Three of the latest cases confirmed involved a 21-year-old male university student who studied in London, a 24-year-old who worked in Denmark, and a 27-year-old student who studied elsewhere in Britain.

A rush of Hong Kong students are returning from overseas after the city announced the introduction from Thursday of a red travel alert covering all countries, which imposes quarantine or medical surveillance on all arrivals into Hong Kong.

Chuang said asking students back from overseas to quarantine themselves at home could put their families at risk.

“It’s hard to arrange for overseas students to live at quarantine centres because the number will be very large, unless we can find a proper place,” Chuang said.

She suggested that families either distanced themselves from their children at home or moved out over the quarantine period.

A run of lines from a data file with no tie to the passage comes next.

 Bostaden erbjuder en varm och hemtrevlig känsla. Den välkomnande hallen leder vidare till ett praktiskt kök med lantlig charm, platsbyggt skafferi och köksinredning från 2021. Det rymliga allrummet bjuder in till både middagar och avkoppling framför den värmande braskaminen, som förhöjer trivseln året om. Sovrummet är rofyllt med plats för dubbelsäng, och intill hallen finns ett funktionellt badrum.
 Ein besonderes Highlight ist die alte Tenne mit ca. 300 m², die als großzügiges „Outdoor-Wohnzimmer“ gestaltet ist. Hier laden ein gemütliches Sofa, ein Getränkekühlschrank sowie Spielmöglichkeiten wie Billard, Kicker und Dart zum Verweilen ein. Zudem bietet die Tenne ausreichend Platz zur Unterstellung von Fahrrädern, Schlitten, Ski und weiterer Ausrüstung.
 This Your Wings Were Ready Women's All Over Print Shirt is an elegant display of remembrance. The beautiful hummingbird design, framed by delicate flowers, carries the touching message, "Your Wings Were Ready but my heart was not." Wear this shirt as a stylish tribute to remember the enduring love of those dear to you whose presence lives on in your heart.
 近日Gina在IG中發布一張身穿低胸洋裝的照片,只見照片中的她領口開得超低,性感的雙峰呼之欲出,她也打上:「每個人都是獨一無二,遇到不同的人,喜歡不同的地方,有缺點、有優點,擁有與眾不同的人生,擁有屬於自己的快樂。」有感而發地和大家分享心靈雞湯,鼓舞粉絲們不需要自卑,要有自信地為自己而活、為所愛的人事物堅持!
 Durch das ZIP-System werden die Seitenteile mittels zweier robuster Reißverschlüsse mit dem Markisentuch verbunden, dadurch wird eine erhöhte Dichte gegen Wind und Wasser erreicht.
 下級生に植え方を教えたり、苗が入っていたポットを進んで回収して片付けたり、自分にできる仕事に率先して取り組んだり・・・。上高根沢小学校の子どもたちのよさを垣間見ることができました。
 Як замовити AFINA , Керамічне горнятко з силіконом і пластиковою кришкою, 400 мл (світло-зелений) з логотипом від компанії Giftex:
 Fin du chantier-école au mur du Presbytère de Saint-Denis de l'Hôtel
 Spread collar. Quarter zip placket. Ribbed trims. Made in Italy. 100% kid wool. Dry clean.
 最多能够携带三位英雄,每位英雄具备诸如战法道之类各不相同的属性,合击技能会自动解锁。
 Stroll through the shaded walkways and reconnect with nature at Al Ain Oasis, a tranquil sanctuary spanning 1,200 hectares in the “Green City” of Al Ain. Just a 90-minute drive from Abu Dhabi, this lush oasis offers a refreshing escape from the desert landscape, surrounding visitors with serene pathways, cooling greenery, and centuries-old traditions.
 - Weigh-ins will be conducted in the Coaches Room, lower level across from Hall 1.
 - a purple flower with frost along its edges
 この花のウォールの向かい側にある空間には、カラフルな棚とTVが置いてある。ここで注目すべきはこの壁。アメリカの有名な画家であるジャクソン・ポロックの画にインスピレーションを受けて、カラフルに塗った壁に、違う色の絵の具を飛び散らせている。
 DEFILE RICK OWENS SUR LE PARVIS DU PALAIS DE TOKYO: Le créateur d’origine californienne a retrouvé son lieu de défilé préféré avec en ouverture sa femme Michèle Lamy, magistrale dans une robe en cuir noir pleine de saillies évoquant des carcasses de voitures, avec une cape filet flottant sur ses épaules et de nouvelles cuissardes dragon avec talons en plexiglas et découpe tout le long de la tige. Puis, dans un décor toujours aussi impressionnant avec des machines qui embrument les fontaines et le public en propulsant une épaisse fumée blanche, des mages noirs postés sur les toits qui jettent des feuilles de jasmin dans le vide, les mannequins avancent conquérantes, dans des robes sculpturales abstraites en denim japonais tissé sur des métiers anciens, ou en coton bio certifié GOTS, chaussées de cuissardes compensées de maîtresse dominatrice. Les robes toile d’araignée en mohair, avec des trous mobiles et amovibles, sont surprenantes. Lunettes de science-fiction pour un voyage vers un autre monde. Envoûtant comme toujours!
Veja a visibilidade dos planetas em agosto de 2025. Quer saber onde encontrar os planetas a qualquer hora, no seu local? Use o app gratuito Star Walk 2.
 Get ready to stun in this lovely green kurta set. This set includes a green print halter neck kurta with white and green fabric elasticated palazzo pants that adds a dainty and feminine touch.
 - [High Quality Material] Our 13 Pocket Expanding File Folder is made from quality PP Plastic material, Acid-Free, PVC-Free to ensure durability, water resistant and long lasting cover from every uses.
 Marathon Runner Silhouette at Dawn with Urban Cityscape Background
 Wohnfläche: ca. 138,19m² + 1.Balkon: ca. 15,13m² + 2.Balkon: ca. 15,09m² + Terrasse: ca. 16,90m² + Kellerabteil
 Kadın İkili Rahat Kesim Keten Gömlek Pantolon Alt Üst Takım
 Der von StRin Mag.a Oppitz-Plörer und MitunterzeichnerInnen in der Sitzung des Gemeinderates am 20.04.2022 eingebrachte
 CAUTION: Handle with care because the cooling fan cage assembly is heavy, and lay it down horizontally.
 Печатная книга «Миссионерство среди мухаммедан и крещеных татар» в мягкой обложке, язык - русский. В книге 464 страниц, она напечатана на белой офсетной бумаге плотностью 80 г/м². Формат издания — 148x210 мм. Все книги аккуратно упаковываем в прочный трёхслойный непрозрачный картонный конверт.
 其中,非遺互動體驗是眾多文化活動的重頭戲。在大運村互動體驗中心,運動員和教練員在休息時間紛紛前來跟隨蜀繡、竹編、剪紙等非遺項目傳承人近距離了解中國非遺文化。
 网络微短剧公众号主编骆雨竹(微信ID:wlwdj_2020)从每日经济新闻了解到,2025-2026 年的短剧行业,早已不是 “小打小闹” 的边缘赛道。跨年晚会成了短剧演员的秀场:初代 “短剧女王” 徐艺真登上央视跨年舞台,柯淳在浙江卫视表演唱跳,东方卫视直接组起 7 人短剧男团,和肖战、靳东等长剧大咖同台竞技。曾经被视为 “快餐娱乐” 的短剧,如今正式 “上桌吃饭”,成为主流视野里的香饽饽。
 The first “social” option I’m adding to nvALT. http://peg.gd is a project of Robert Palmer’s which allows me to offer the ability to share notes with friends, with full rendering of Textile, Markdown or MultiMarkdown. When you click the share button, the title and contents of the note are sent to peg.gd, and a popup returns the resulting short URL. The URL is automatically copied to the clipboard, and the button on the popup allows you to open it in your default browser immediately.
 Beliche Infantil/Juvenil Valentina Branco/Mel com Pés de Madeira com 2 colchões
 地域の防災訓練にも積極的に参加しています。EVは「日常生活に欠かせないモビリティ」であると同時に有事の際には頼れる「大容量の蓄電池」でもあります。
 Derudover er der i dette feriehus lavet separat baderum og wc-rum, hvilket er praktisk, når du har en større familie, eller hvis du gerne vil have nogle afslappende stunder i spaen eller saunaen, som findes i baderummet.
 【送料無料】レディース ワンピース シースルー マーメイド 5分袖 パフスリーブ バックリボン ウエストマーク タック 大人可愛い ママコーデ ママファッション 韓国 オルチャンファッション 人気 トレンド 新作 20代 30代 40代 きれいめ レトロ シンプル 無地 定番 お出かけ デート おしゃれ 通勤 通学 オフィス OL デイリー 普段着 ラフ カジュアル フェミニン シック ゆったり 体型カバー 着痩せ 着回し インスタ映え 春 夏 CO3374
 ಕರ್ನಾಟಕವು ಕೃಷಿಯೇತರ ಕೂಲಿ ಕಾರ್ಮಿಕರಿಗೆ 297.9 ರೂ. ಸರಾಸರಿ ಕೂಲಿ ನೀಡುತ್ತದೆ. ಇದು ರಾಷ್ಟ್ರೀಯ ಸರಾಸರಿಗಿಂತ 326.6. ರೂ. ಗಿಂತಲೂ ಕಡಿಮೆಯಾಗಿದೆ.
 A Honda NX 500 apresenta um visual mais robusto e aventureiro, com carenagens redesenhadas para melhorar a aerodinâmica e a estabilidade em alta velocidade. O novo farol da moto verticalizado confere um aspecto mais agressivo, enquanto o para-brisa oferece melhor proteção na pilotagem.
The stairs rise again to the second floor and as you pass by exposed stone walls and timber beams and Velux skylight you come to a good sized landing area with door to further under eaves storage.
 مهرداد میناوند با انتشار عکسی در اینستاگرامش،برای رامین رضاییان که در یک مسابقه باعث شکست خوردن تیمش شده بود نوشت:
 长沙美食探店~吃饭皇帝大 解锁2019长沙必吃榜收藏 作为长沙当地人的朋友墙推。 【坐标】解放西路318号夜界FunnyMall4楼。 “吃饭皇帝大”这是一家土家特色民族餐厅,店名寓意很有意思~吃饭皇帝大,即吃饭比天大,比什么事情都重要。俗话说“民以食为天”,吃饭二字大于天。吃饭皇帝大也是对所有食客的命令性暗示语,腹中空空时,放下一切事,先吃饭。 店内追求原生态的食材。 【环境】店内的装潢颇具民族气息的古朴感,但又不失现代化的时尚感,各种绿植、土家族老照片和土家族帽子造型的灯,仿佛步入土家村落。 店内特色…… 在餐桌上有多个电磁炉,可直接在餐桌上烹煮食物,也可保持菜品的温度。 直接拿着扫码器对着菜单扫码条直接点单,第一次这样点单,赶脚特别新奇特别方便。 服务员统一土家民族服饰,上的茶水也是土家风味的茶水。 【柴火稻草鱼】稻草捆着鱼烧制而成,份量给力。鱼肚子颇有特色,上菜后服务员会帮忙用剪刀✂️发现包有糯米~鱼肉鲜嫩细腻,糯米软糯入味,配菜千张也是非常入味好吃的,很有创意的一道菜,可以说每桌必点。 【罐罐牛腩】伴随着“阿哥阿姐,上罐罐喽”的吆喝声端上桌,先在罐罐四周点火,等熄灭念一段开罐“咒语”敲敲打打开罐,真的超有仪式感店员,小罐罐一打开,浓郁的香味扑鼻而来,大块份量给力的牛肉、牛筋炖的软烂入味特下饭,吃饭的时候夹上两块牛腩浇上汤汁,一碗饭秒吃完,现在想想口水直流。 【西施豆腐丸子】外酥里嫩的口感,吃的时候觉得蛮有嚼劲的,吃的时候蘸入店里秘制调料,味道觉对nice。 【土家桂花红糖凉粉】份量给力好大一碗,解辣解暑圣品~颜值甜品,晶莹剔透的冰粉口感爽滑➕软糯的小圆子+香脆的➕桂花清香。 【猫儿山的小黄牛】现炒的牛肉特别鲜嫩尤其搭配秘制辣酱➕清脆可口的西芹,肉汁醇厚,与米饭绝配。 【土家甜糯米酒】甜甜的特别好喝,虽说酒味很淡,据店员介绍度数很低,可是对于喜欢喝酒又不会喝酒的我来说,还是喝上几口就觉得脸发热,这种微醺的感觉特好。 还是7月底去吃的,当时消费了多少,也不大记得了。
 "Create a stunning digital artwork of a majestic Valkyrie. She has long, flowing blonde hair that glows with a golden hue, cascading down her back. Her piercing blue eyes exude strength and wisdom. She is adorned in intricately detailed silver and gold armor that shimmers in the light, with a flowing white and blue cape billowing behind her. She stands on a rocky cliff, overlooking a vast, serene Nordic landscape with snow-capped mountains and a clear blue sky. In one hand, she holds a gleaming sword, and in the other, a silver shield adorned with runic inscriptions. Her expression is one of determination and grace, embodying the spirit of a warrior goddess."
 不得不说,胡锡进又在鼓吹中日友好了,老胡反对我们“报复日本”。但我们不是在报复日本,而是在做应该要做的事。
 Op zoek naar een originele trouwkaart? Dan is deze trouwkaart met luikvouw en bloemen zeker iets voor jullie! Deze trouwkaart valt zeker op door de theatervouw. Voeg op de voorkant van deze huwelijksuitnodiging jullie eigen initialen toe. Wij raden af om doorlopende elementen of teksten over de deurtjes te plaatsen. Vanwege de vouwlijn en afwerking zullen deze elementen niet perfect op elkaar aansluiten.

“The purpose of home quarantine is to quarantine the students, not their family,” Chaung said, suggesting family members could live with relatives or even hotels.

“It will be safer to leave the [home] space to the [quarantined] students,” she said.

On Tuesday, the government revealed four of 12 environmental samples taken from Heng Tai House at Fu Heng Estate in Tai Po tested positive for the virus.

A patient confirmed as infected on Saturday lived in the block which was also home to an infected couple who had been on holiday to Egypt.

The third case, a 59-year-old man who lived in flat 13 on the 34th floor while the pair lived in the same flat number on the 32nd floor.

Among the four positive samples, two were taken from an intact waste pipe and a cut-off sewage pipe in the toilet of the lower unit, one from the vent pipe surface in the toilet of the higher unit and another from the inner area of the vent pipe on the rooftop, Chuang explained at a press conference.

Eight more households evacuated from Hong Kong housing block

The latter positive reading supports the theory of the “wake effect” of the wind leading to infection, which suggested that particles could have travelled through a vent pipe – that has an opening on the roof of the block – and become aerosolised, whereupon the wind might have carried the aerosols back to homes near the top floors.

“With regard to the virus found inside the rooftop ventilating pipe of the foul water stack, it is suspected that the height difference between the rooftop parapet of unit 13 and unit 14 might be relatively conducive to cause wake effect in the re-entrant of top floors in Heng Tai House,” the government statement read.